We played Jaipur. Jaipur is a simple set collection card game. Five cards, either camels or goods in six types, are flipped up in the "market" at all times. On your turn, you can a) take all the camels in the market and place them in front of you, or b) take one good and add it to your hand, or c) swap at least two goods and/or camels you have with any number of goods in the market, or d) discard one or more of your goods of a single type from your hand to collect VP tiles from six separate piles, one for each good.
The tiles are stacked with the better ones on top, which encourages you to dump early. However, you get bonus points for dumping three, four, or five cards at a time. The round ends when three VP piles run out. You get a bonus for having the most camels at the end of each round, and the player with the most points wins the round. Play best two out of three.
It took us the first round to learn a few of the rules. After the game was over, we also remembered one of the other rules, namely that you can also swap your camels for goods in the market; not something we got wrong, but simply an option that we didn't take advantage of.
I lost the first game for not realizing that the round ended when the tiles ran out in three piles. I had a handful of cards ready when suddenly the round was over. I didn't make that mistake again, and I won the next two rounds handily.
Jaipur is ok from my first play, and I didn't see any major flaws. It's a two player game, but Abe said that an online variant allow for three players.
Sara joined us for Alien Frontiers. AF is a Kickstarter success story from a company that advertised on Purple Pawn. It's now in the top 100 games on BGG. I was curious to see what the hoopla was all about.
Alien Frontiers is a dice rolling assignment game: in this category of games, you roll a bunch of dice and then assign the dice to various actions in order to gain resources, cards, points, etc.

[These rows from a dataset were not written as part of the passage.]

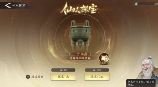 除了新增10个关卡外,还加入了仙人探宝这一全新系统。玩家通过通关主线和支线关卡可以获得食之精道具,使用这些道具在仙人探宝中就能抽取装备。初期就能稳定获得20级装备,随着群英会等级提升,还能解锁更高品质的装备。
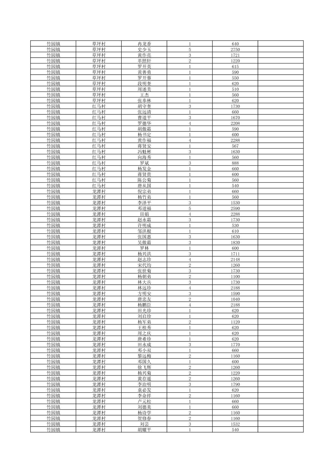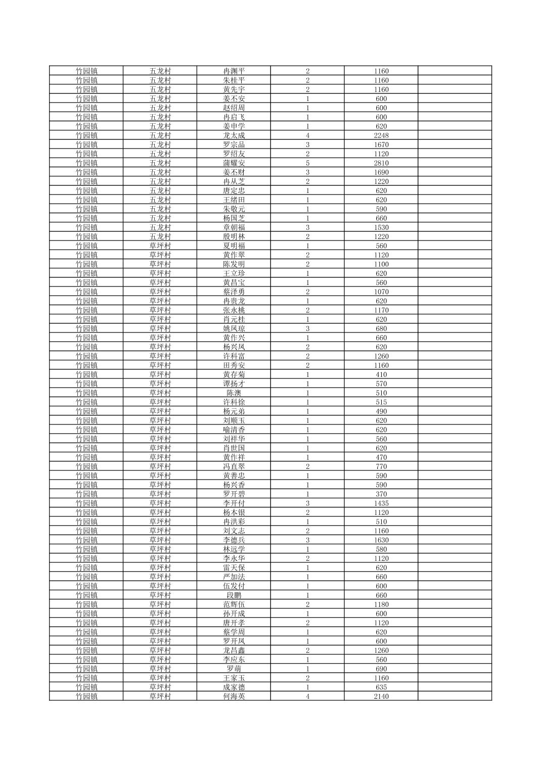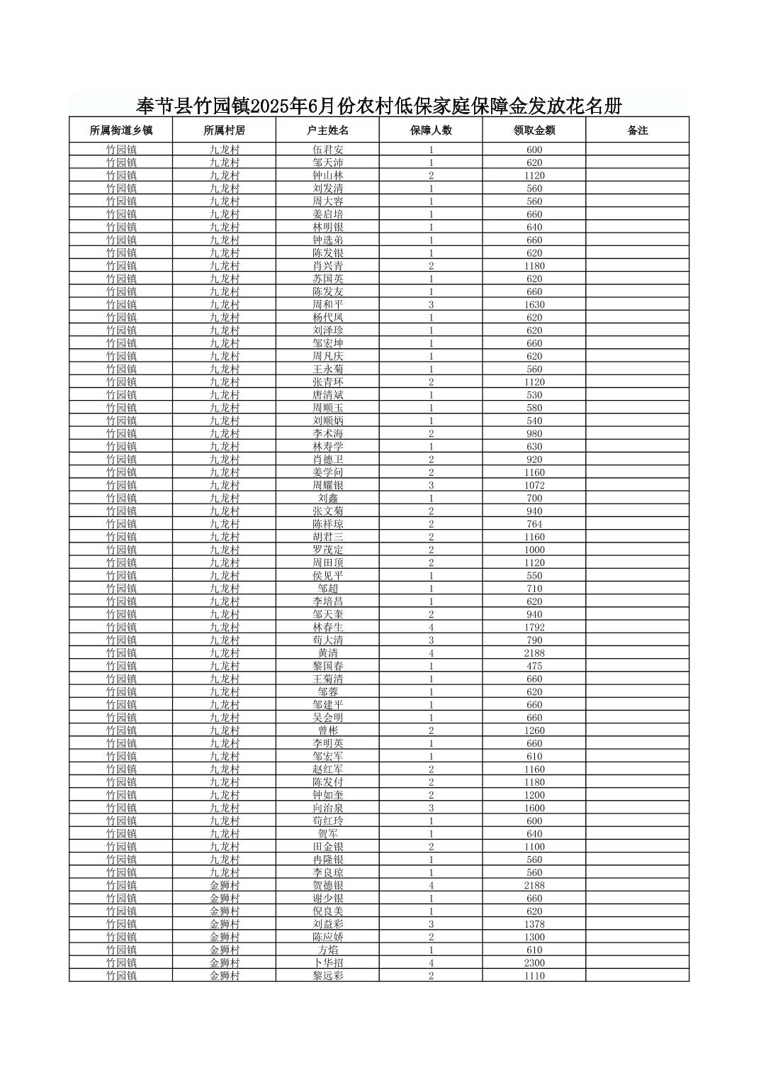 奉节县竹园镇2025年6月份农村低保家庭保障金发放花名册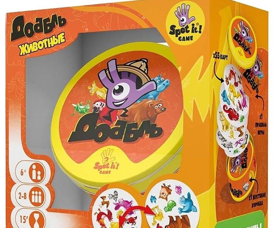 "Доббль: Животные" – это простая, весёлая и азартная игра на внимательность и скорость реакции, которая претерпела уже не одну итерацию, и всё ещё остаётся популярной настолкой! Как бы ни менялось оформление игры "Доббль", в основе её лежит всегда один и тот же принцип – найти на двух разных карточках совпадения быстрее остальных игроков. Именно за эту простоту правил игра и обрела широкую популярность. Посудите сами: легко объяснить детям, ещё и помогает развить внимательность и реакцию, а соревновательный дух поддерживает азарт в каждом игроке. Как можно понять из названия, в этой версии игры вам предстоит искать на карточках совпадающих животных. Нашли двух медведей? Кричите! И пусть победит внимательнейший!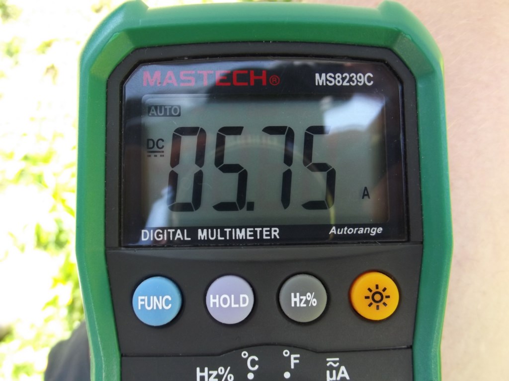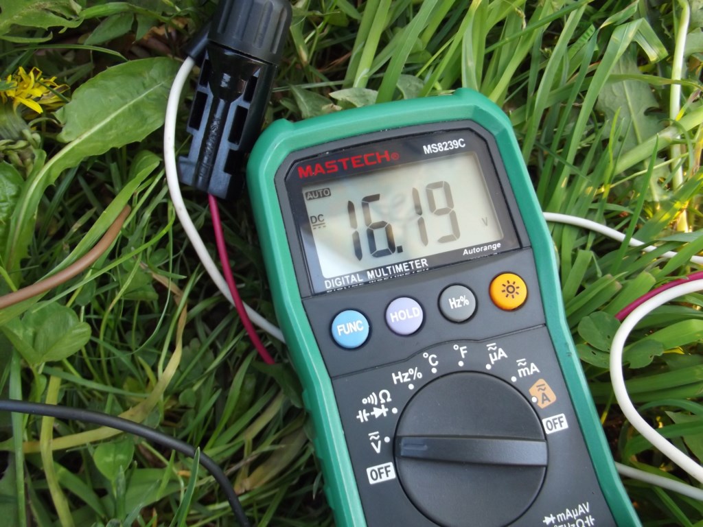 И еще, амперметр слева стоит на монокристаллической панели, думаю что это она меньше выдает, пошел опять смотреть на панели, ага, на монокристаллическую падает тень от столба возле дома (сразу даже не обратил внимание поэтому и не сфотографировал), а монокристалл не любит такой частичной затененности, что естественно сказывается на выработке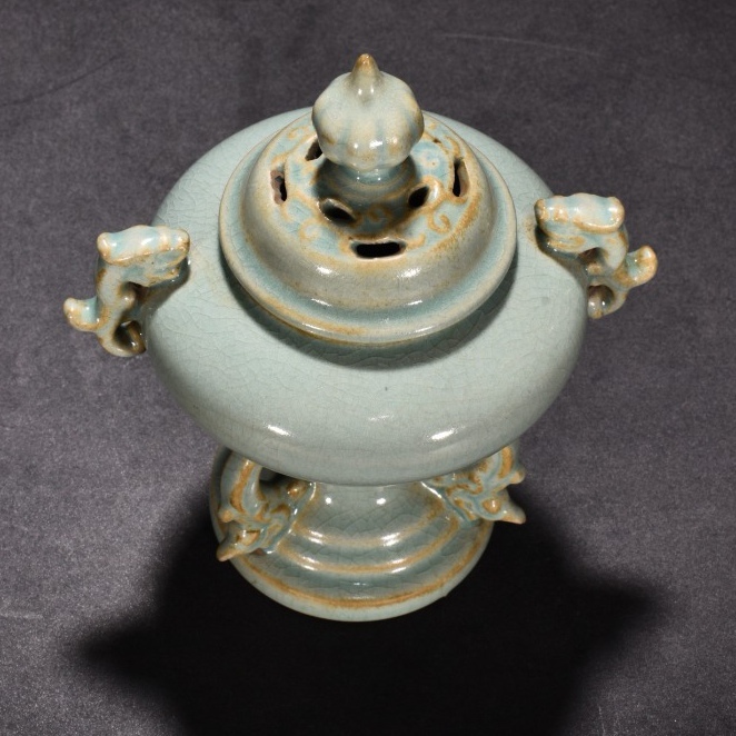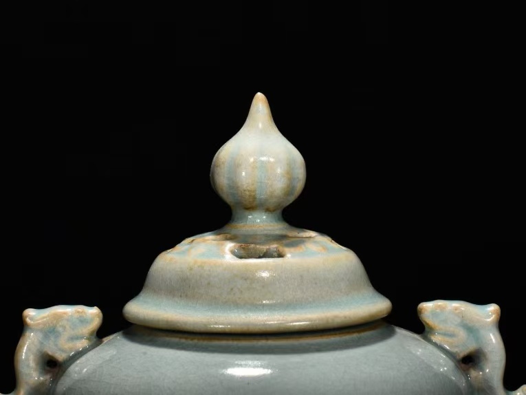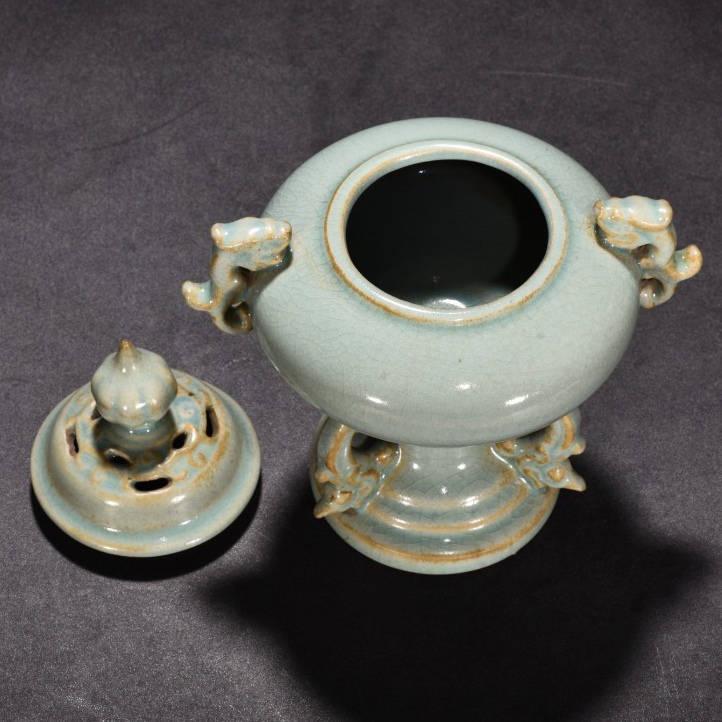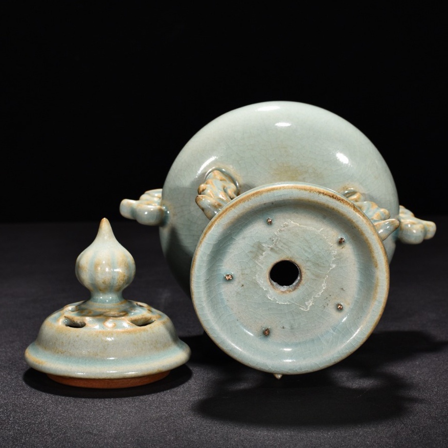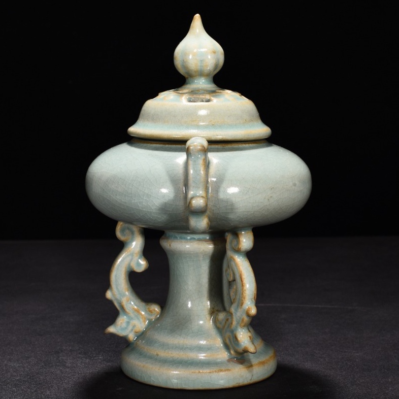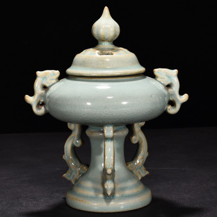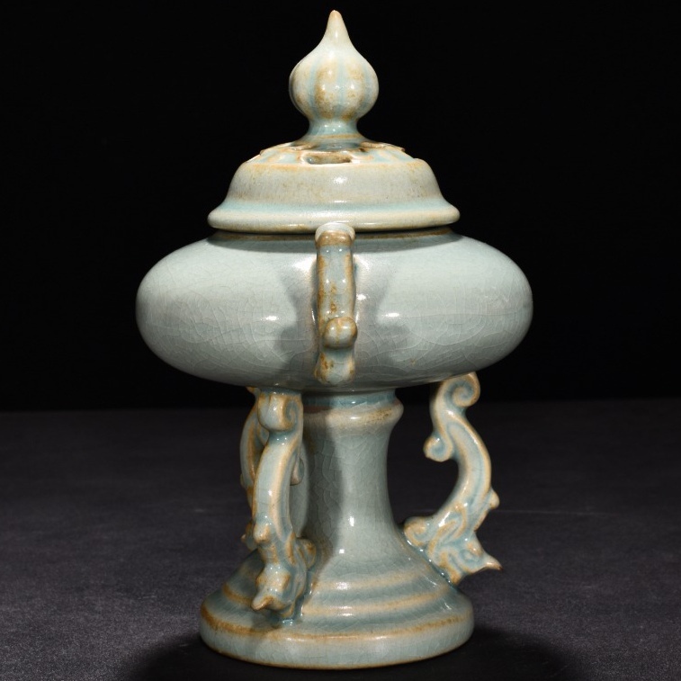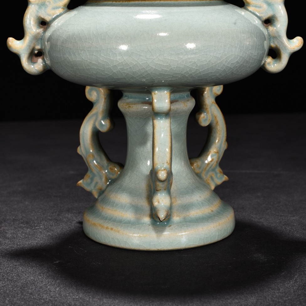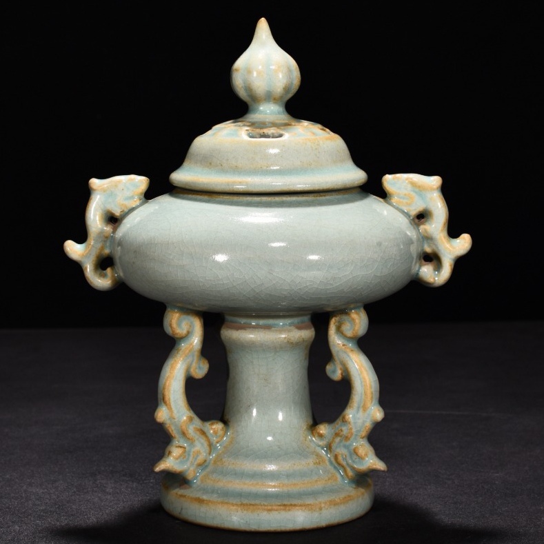 宋時代 磁器 秘蔵 汝 天青釉耳炉香炉 古陶磁器 陶芸 唐物 古賞物 時代物 骨董品 古置物 極細工 中国磁器 古美味 中国古玩923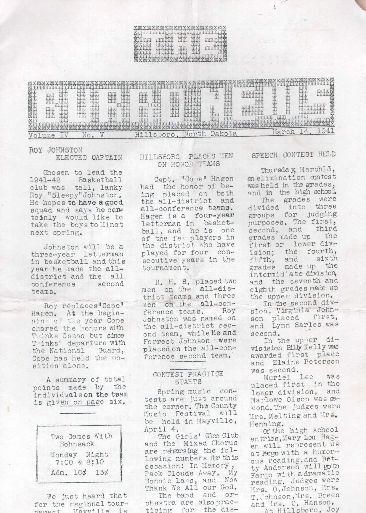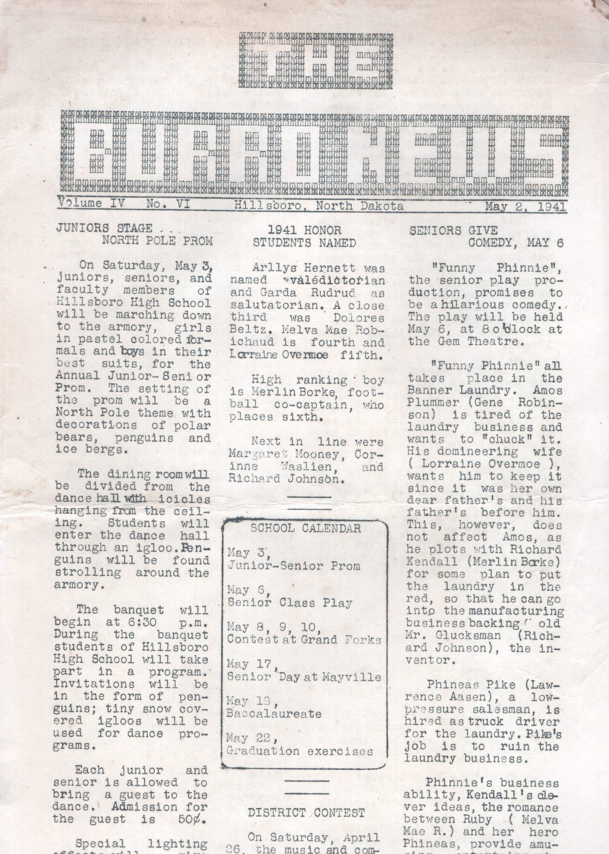 In 1941, from March to May, the Hillsboro High School students published a newspaper titled "The Burros' News". The newspaper staff included Delores Meyer, Editor; Corinne Waslien, Assoc. Editor; Lawrence Aasen, Sports; and Reporters Dona Mae Anderson, Dolores Beltz, LaVerne Doeden, Lorraine Engel, Mary Lou Hagen, Wilma Henka, Ardis Johnson, Roger King, Irene Koering, Margaret Mooney, Dorothy Odden, Lorraine Overmoe, and Lois Sundby .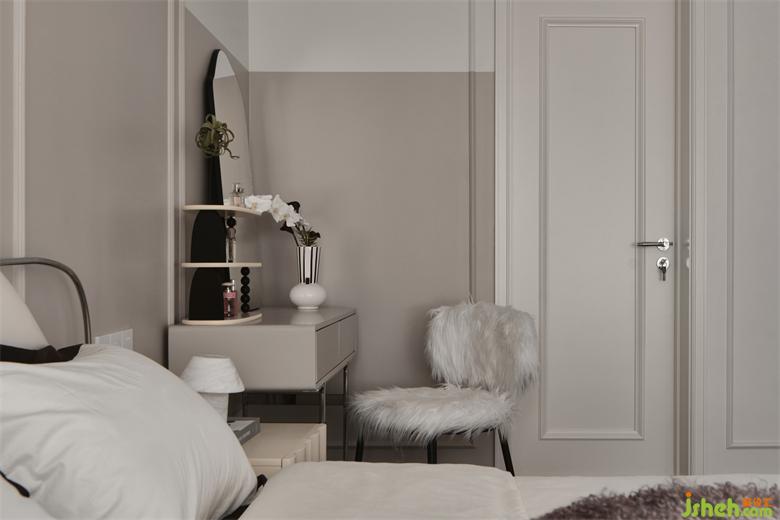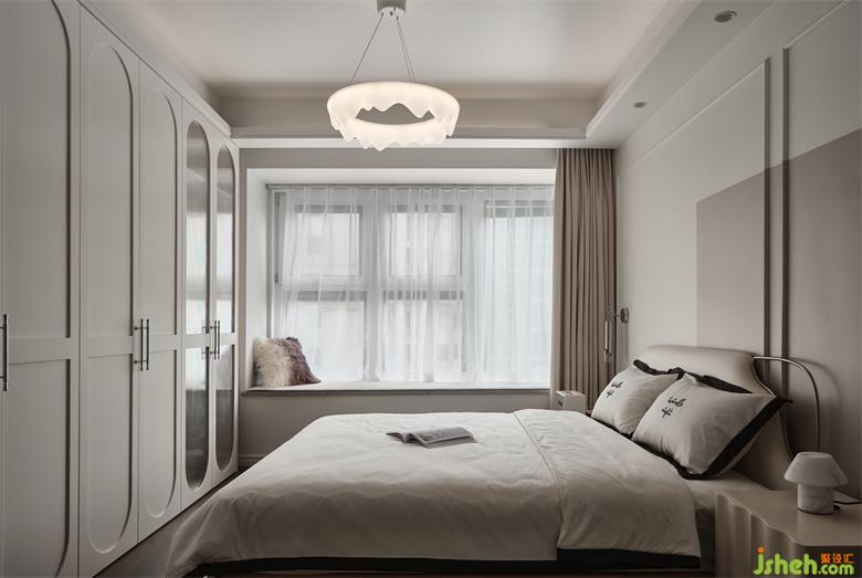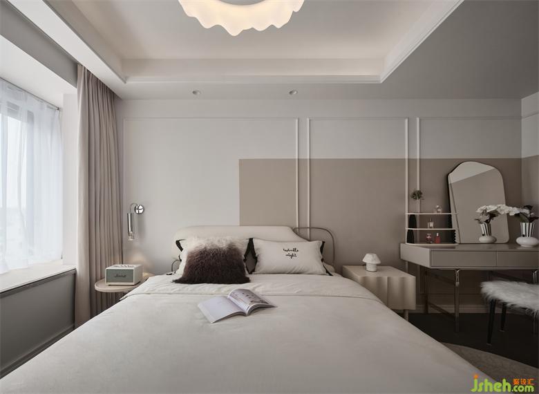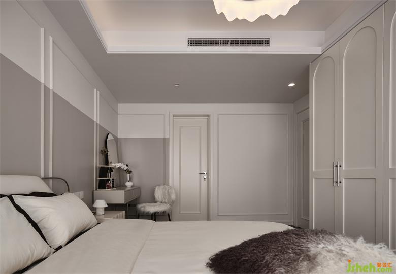 卧室内延续公共区的石膏线装饰,整体看起来非常精致优雅;南京世茂璀璨江山精装房改造墙面撞色与石膏线的延伸,卧室门也加入了线条装饰,透露着目之所及的轻法式精致。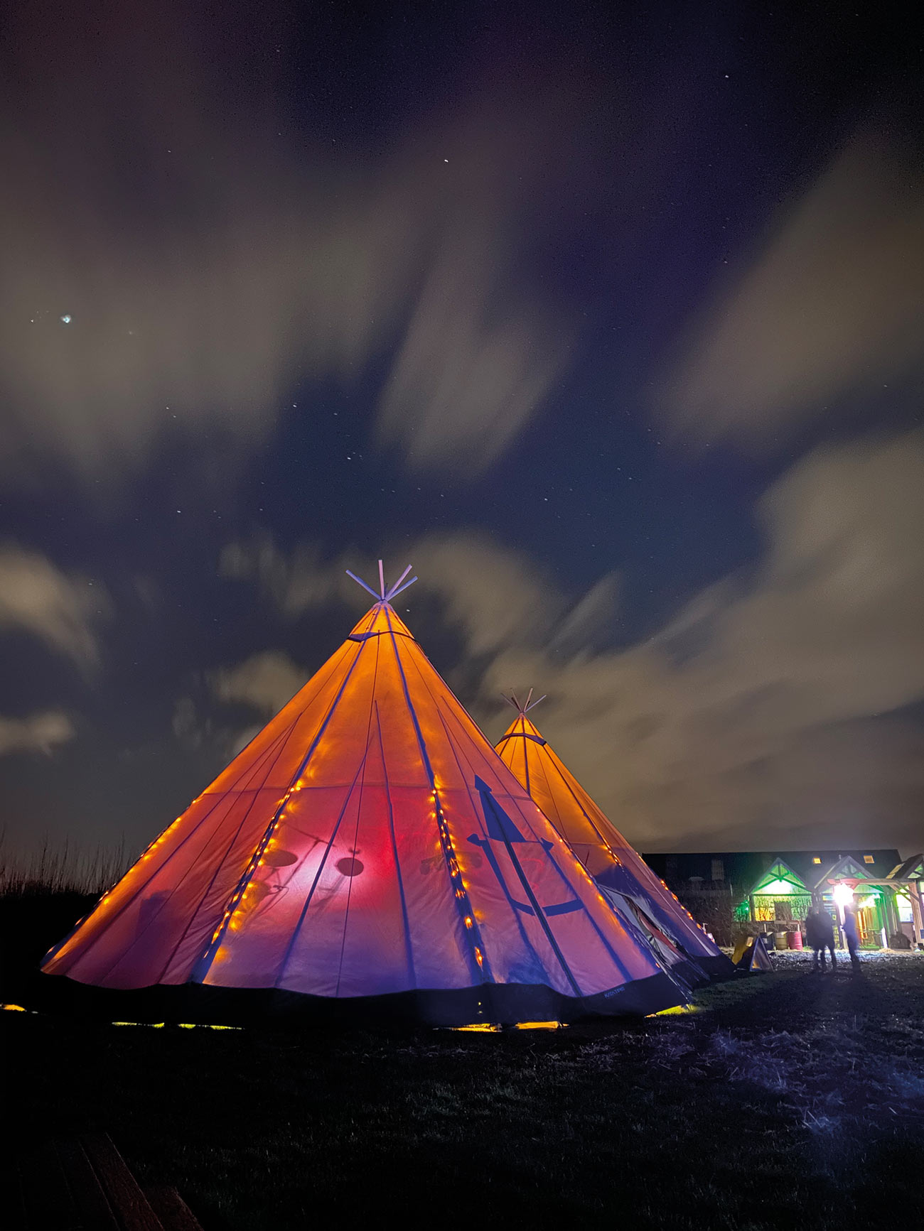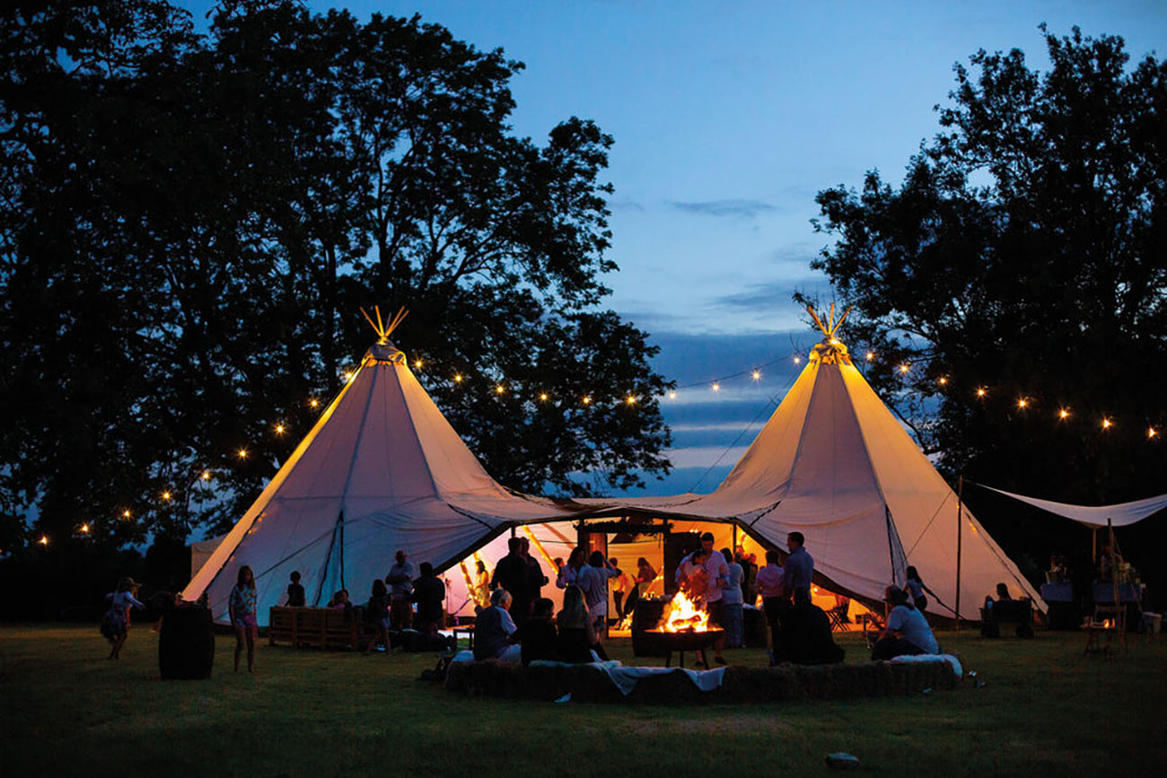 “Tipi Spaces are the only tipi hire company in the South-west who supply ivory-white canvas tipis, which means more natural daylight filters inside the tipis,” explains Charlotte of the instant benefits. “It also means artificial light is reflected more effectively, so you’ll need less lighting, which is better for your pocket and the environment.” Explore the myriad options for added ambience, from fairy lights to candles, lamps, chandeliers, lanterns and festoon lighting.

You later use these resources and cards to combine with other assignments for more points. It's a descendent of Yahtzee, in a way.
Here, the dice are your "ships", which makes little sense, but is a fun concept. Each ship docks at a station to get the reward. One thing the designer did right is provide places for different dice values, so a poor roll isn't automatically worse than a high roll - one of the things that bothers me about games like Stone Age.
Places let you: get fuel or ore, trade fuel to get ore, get cards which give bonus opportunities to use fuel, get more dice to roll, steal other players' stuff, or settle colonies (using fuel and ore, or just ore). Each colony is worth a point. There is a planet with various locations to settle colonies, and the person who has the most colonies in each location has a bonus point and access to the bonus ability of that location, which is typically a reduction in price in one of the places on the board.
The scoreboard simply tracks what you can see on the board: how many colonies you have and locations you control. Scores go up and down as the game progresses, and whoever has the most when the game ends (someone places their last colony) wins.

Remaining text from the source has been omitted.